IR35 is the name given to the UK’s anti-avoidance tax legislation designed to tax ‘disguised’ employment at a rate similar to employment. Here, “disguised employees” means workers who receive payments from a client via an intermediary, i.e., their own company, and whose relationship with their client would equate to being an employee of that client if they were only paid directly, instead of being paid via their own company.


To put it simply, an IR35 case can be launched when someone is using their own company as a barrier between themselves and a client, in order to pay less tax on their earnings paid by that client.


Little Piece of Paradise Ltd v HMRC


In this case, which is made high profile by the celebrity status of those involved, involved Dave Clarke and Sky Sports. Clark is known for presenting darts for Sky, and had been doing so for a 6 year period. His services were paid for by Sky, but these payments would go through Clark’s production company, Little Piece of Paradise, instead of directly to him.


Sky had 64 days of production where they expected Clark to come and work for them, paying him for his knowledge on the sport and his presenting skills. Clark, however, was paid via monthly instalments, and would receive payment each month whether he had worked or not.

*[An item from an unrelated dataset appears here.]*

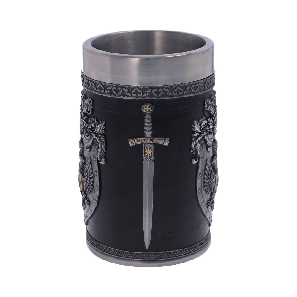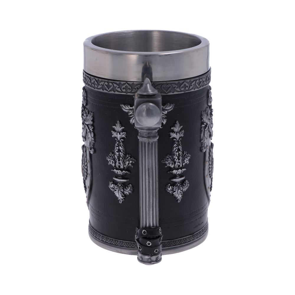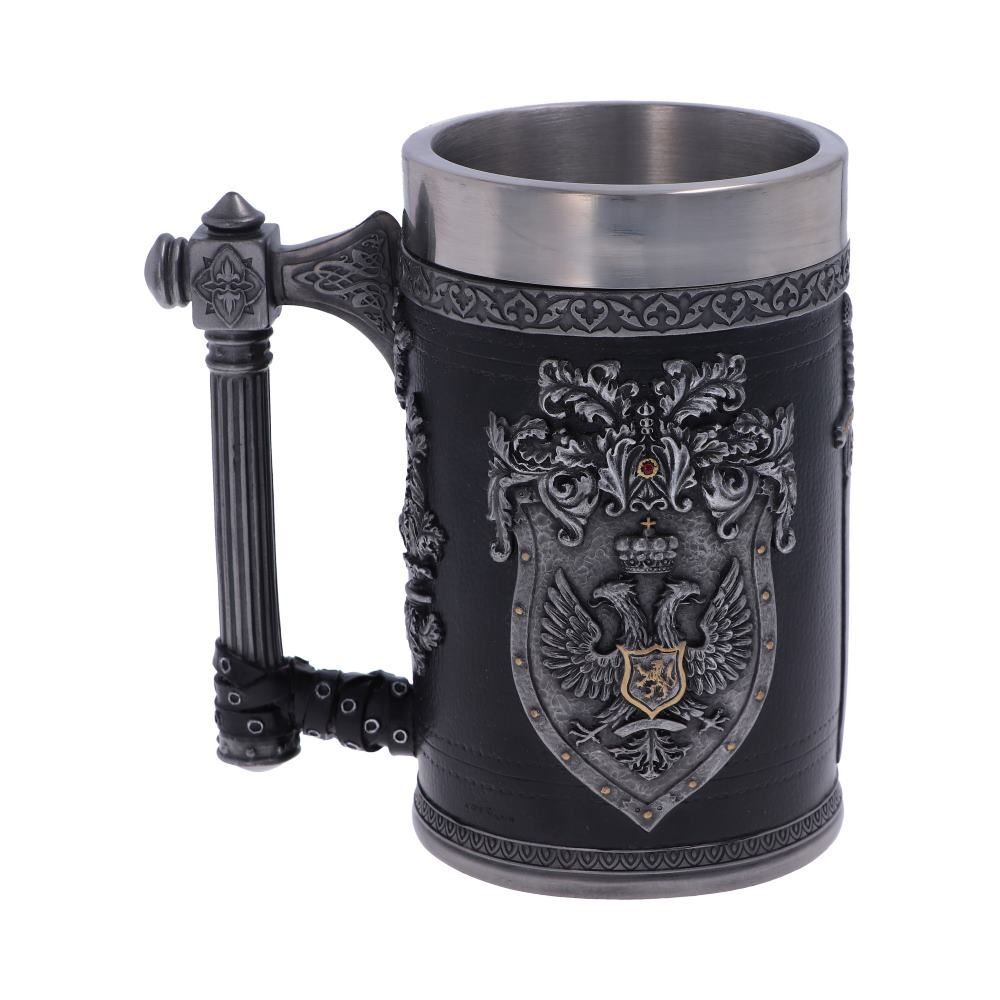 Отпразднуйте взлет и падение империй с помощью этого готического сосуда. Корпус этого сосуда насыщенного, без блеска черного цвета. На его боковой стороне изображен сложный герб с двумя хищными птицами и инкрустированной короной над ними. Ручка представляет собой демонстративный боевой топор, символизирующий силу и славу империй. Этот танкард поставляется со съемной вставкой из нержавеющей стали для удобства чистки. Это изделие предназначено для декоративного использования.
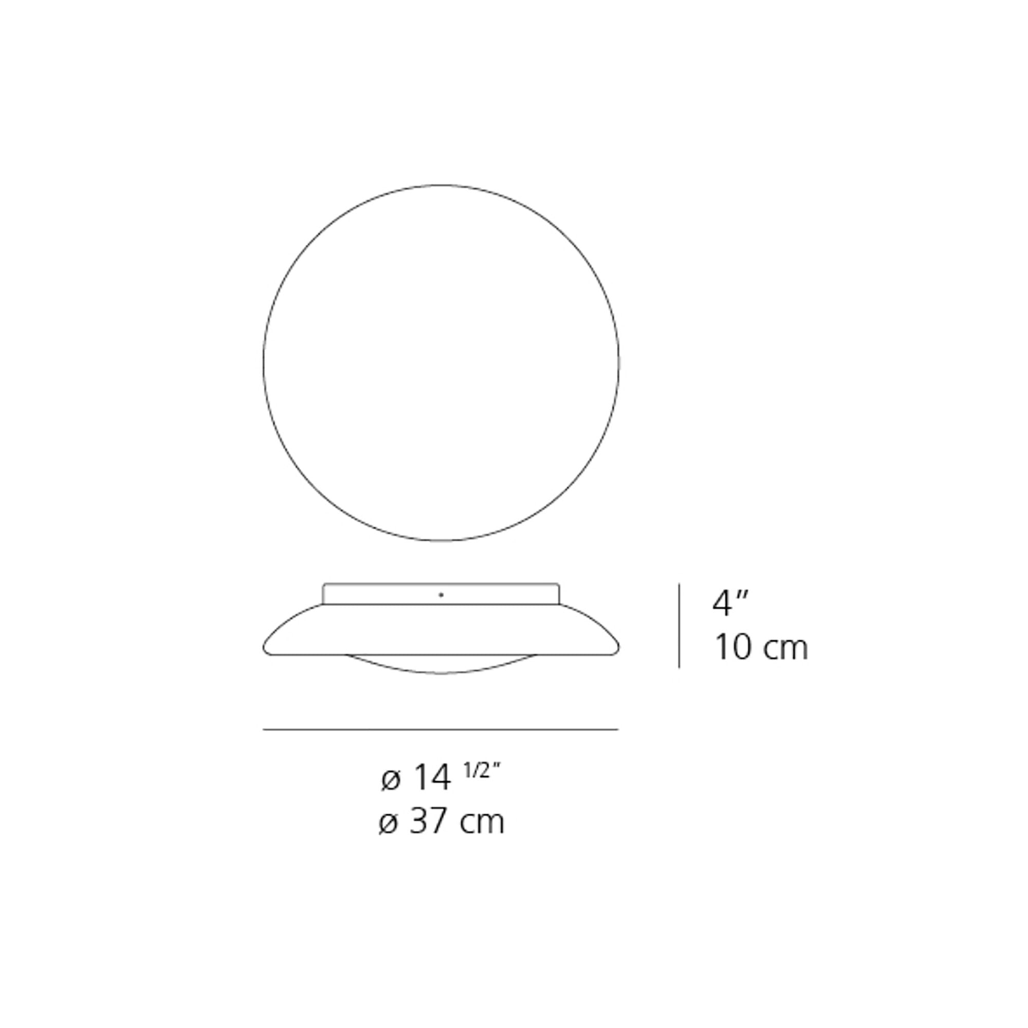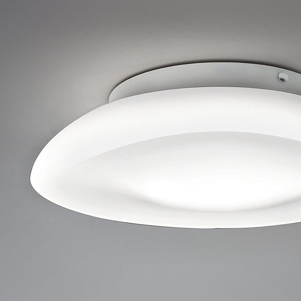 Handblown opal glass shows off soft curvature of the Lunex LED Ceiling / Wall Light from Artemide as it contributes to a glowing atmosphere.

Also, Sky retained complete control over what programmes Clark would be required to present. Sky had the right to first call on his services, so once Sky had their schedule booked in it was up to Clark to make himself available to fit that schedule. The contracts also contained restrictive covenants to limit what Clark could do outside programme hours. For example he was not free to fill a similar presenting role for another broadcaster.



What did the tribunal decide?


As a result of the above facts in terms of the working relationship between Clark and Sky, the FTT deemed that Clark essentially was an employee of Sky and should be treated as one, instead of him reaping the benefits of working through a personal service company. As a result of this, Clark is expected to repay HMRC missing income tax and national insurance contributions for the period in question.




In response to the proposed new off-payroll working rules that eventually took effect in the private sector on 6 April 2021, the Sky informed all its ‘on-air talent’ that they would not be able to engage with them through a Personal Service Companies in future. It was acknowledged by the FTT that this could be indicative that Sky was admitting that its contractual relationship with Clark should have been treated as under a contract of service all along, but no further action has been taken.


What can we learn from this?


The amount of IR35 cases that have occurred, and are still occurring lately, indicates that the HMRC has them as a top priority. In terms of business relationships it is always best to lay out a contract which is fair and professional, as often the consequences of making other arrangements to limit tax can lead to serious consequences.


This is a high profile victory for HMRC, and may well ignite concerns among contractors and businesses. However, it is worth remembering that Clark’s relationship with Sky does not necessarily mirror the relationships between other businesses and freelancers.